At-any-price-movie-review-dennis-quaid
Hooman Bahrani/Sony Pictures Classics

Ramin Bahrani’s last three films — namely “Man Push Cart,” “Chop Shop” and “Goodbye Solo” — followed the plights of outcasts such as immigrants and street orphans. While the first two took place in gritty New York City, the latter was set in his native Winston-Salem, N.C. So even though the Iowa cornfield setting in Mr. Bahrani’s latest, “At Any Price,” might come as no surprise, the film’s thoroughly white-bred concerns still mark a huge departure for the filmmaker.

Dennis Quaid plays Henry Whipple, a third-generation family farmer who also dabbles in peddling genetically modified seeds to neighboring farmers and carrying on an extramarital affair with local trollop Meredith (Heather Graham). His chief grievances involve ceding the top-seed-salesman distinction in one county to rival Jim Johnson (Clancy Brown) and losing his groomed heir apparent to soul searching in Argentina. Out of desperation, Henry attempts to rope in his stock-car-racing son, Dean (Zac Efron). But things begin to really unravel for Henry when the light of exposure threatens his shady dealings in the seed business.
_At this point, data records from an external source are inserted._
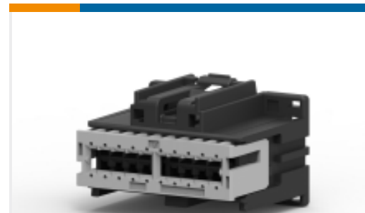
TE 产品编号2288276-1 Assy, Plug, USCAR, GenY, 20p, Key A, No CPA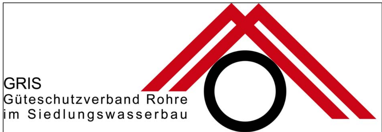
Abbildung 1: GRIS-Verbandsmarke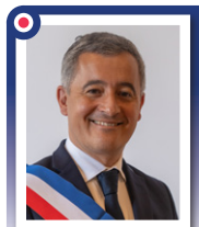
Gérald DARMANIN Premier adjoint en charge de l'urbanisme et des grands projets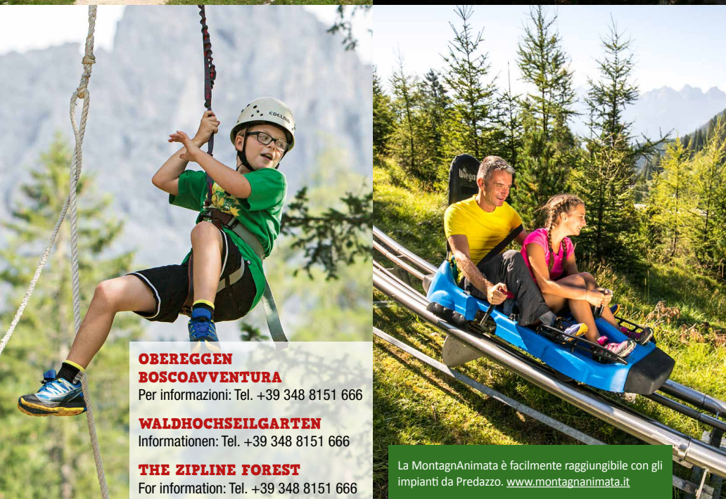
OBERECCEN BOSCOAVVENTURA Per informazioni: Tel. +39 348 8151 666 WALDHOCHSEILGARTEN Informationen: Tel. +39 348 8151 666 THE ZIPLINE FOREST For information: Tel. +39 348 8151 666

La MontagnAnimata è facilmente raggiungibile con gli impianti da Predazzo. www.montagnanimata.it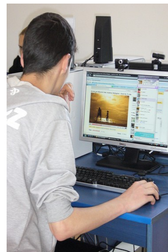
Utilizator accesând Internetul

Pentru a aplica pentru o finanțare în cadrul programului Global Libraries - România în vederea deschiderii unui centru Internet în cadrul unei biblioteci publice, localitățile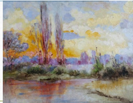
"Puesta del sol" Juan Francisco González (1853-1933). Óleo sobre tela.

Los invito a observar un vídeo Cuento "El monstruo de los colores", nos ayudara a explicar las emociones que las podemos representar con colores: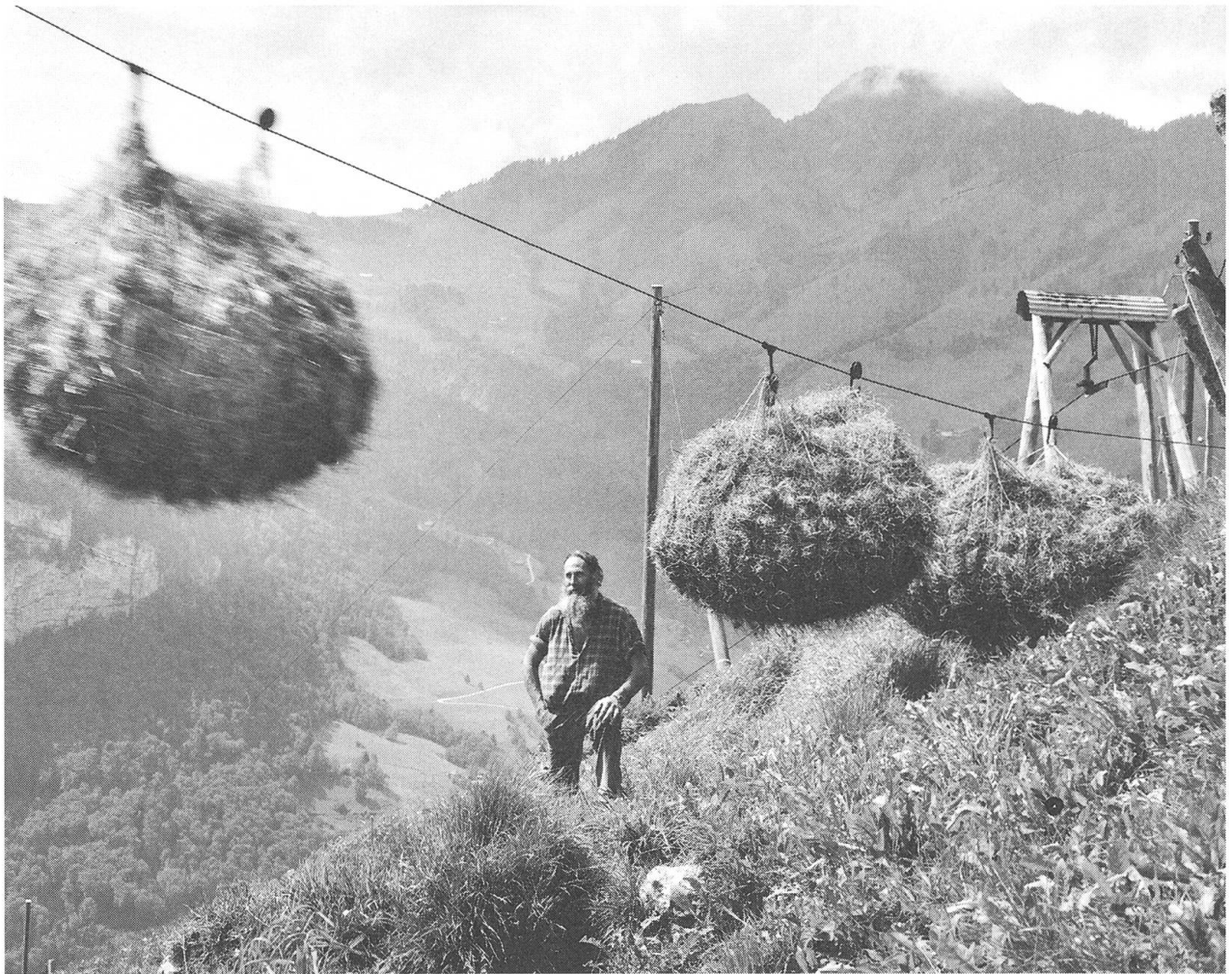
Mit solchen Heu-Transportseilen, wie in Hütli, hat die Seilbahntechnik in Nidwalden begonnen. Das erste, das aus zusammengeschweissten Stangen besteht, existiert noch heute.

Sehnsucht nach deinem Vaterhaus hast, warten dir hier schöne Aufgaben als Grossmutter auf dich.»

It’s nice to see a thoughtful filmmaker venturing out of the finite number of Hollywood tropes and zooming in on the ordinary folks of small-town middle America. Problem is, “At Any Price” is so driven by its plot that it fails to connect its characters with moviegoers in any meaningful way. The film begins at a burial service, where a slimy Henry and a begrudged Dean are hounding the bereaved family for its land. The film does little subsequently to instill redeeming qualities in the characters so that we might actually care about them. Mr. Quaid plays the part of Henry with the smarm and gusto of a used-car salesman. Mr. Efron is perpetually gazing into space, as if posing for the requisite hero shots in some Jerry Bruckheimer production. However well-meaning Mr. Bahrani might be, the white-bred rural milieu proves too much of a stretch.